The convertible feature of certain notes payable provides for a rate of conversion that is below the market value of the Company’s common stock. Such a feature is normally characterized as a "Beneficial Conversion Feature" ("BCF"). In accordance with ASC Topic No. 470-20-25-4, the intrinsic value of the embedded beneficial conversion feature present in a convertible instrument shall be recognized separately at issuance by allocating a portion of the debt equal to the intrinsic value of that feature to additional paid in capital. When applicable, the Company records the estimated fair value of the BCF in the consolidated financial statements as a discount from the face amount of the notes. Such discounts are accreted to interest expense over the term of the notes using the effective interest method.

ADVERTISING EXPENSE

In accordance with ASC Topic No. 720-35-25-1, the Company recognizes advertising expenses the first time the advertising takes place. Such costs are expensed immediately if such advertising is not expected to occur.

SHARE-BASED COMPENSATION

The Company accounts for stock-based compensation to employees in accordance with FASB ASC 718. Stock-based compensation to employees is measured at the grant date, based on the fair value of the award, and is recognized as expense over the requisite employee service period. The Company accounts for stock-based compensation to other than employees in accordance with FASB ASC 505-50. Equity instruments issued to other than employees are valued at the earlier of a commitment date or upon completion of the services, based on the fair value of the equity instruments and is recognized as expense over the service period. The Company estimates the fair value of stock-based payments using the Black-Scholes option-pricing model for common stock options and warrants and the closing price of the Company’s common stock for common share issuances.

RECLASSIFICATIONS

Certain prior period amounts have been reclassified to conform to current period presentation.

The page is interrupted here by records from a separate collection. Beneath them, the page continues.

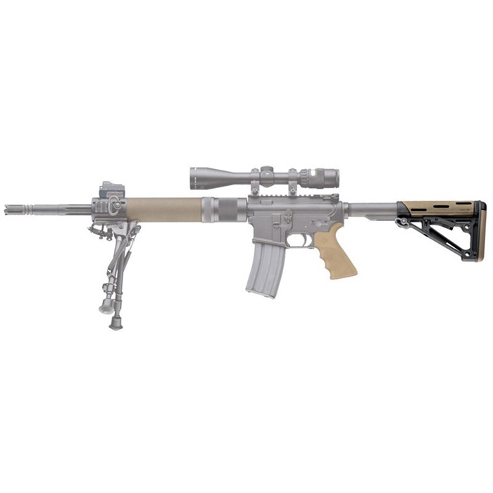 - Schiebe den Hogue OverMolded Buttstock auf das BufferRohr.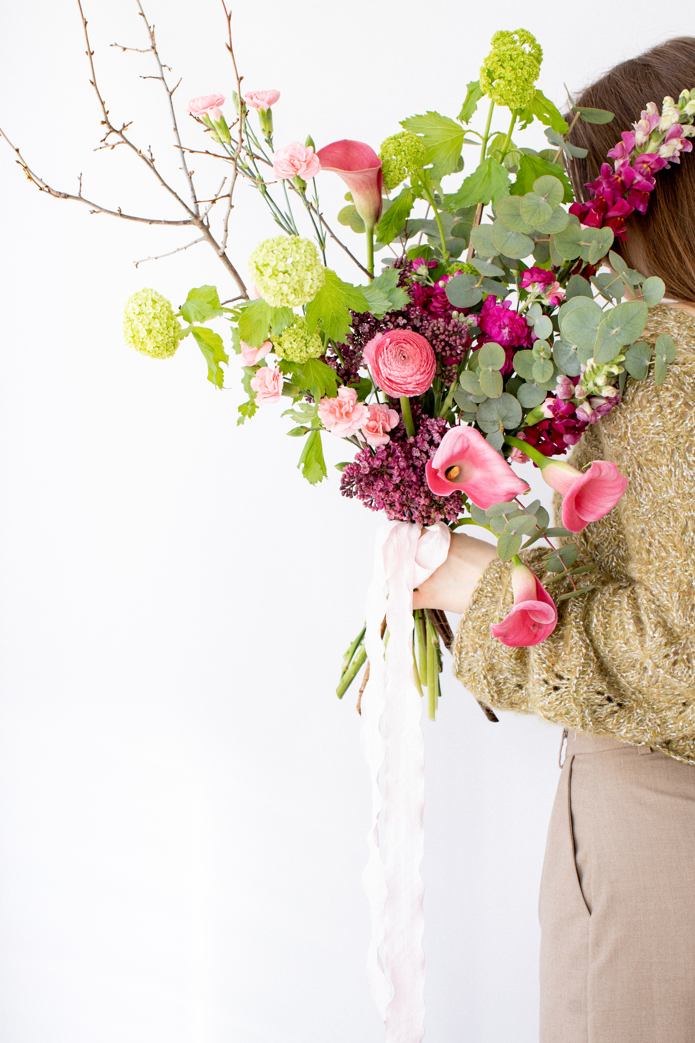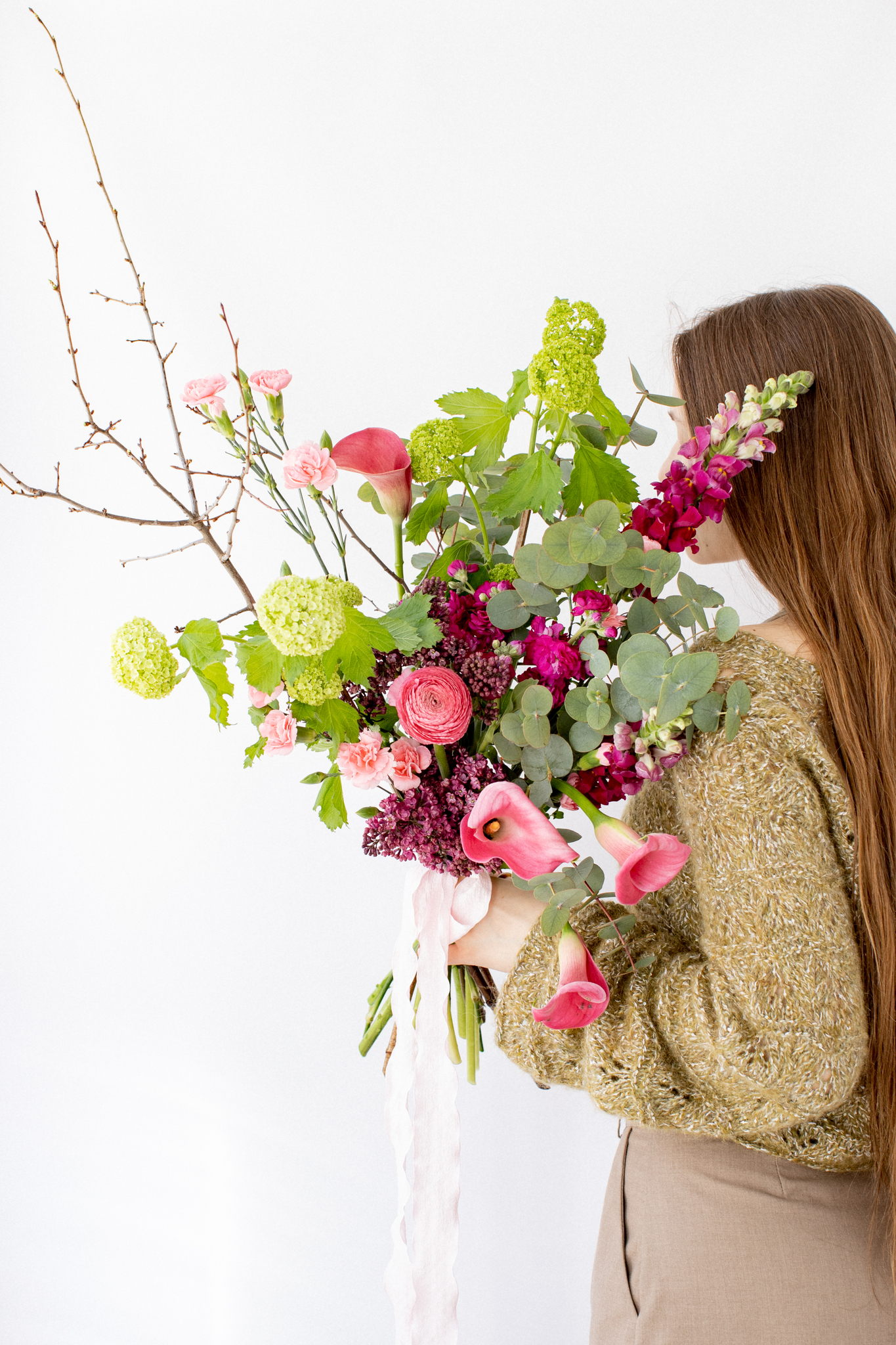 Cостав: ранункулюс, сирень, маттиола кустовая, калла, антирринум, гвоздика кустовая, вибурнум, цветущая ветвь, эвкалипт.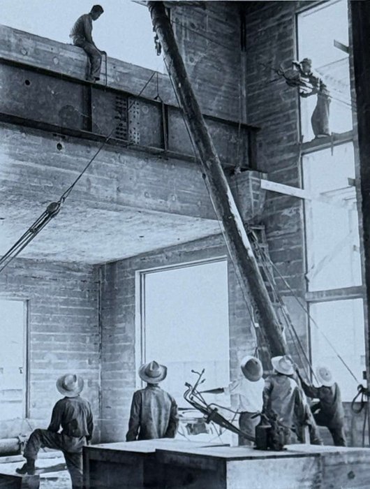 Over 25 photographs are related to Weihe, Frick and Kruse. A large group photo shows the architects and engineers working for the firm at Clark Air Base. Several photographs show employees working at their desks and at construction sites. There are also photographs showing structures at Clark Air Base and the Ayala Bridge Post Exchange. Several photographs are views of the destruction of Manila, including the ruins of the Manila Post Office and the Legislative Building, and buildings reading “Terminal Building” and “UST Restaurant.”

RECENTLY ISSUED ACCOUNTING PRONOUNCEMENTS

In May 2014, the Financial Accounting Standards Board (FASB) issued Accounting Standards Codification (ASC) 606, Revenue from Contracts with Customers which is to be effective for reporting periods beginning after December 15, 2017. The Company adopted ASC 606 effective January 1, 2018 and the adoption had no impact on the Company’s financial position, operations or cash flows.

 

In February 2016, the FASB issued ASC 842 Leases which is to be effective for reporting periods beginning after December 15, 2018. The Company adopted the pronouncement effective January 1, 2019 and the adoption is not expected to have a material impact on the Company’s financial position, operations or cash flows. As a result of the adoption, the Company will record lease assets of approximately $245,000 and a corresponding lease liability of the same amount in January 2019.

 

In March 2016, the FASB issued ASU 2016-07, which eliminates a requirement for the retroactive adjustment on a step by step basis of the investment, results of operations, and retained earnings as if the equity method had been effective during all previous periods that the investment had been held when an investment qualifies for equity method accounting due to an increase in the level of ownership or degree of influence. The cost of acquiring the additional interest in the investee is to be added to the current basis of the investor’s previously held interest and the equity method of accounting should be adopted as of the date the investment becomes qualified for equity method accounting. The presentation of the Company’s financial statements is consistent with this guidance.

 

On June 20, 2018, the FASB issued ASU 2018-07, which simplifies the accounting for share-based payments granted to nonemployees for goods and services. Under the ASU, most of the guidance on such payments to nonemployees would be aligned with the requirements for share-based payments granted to employees. The Company adopted the pronouncement effective January 1, 2019 and the adoption is not expected to have a material impact on the Company’s financial position, operations or cash flows.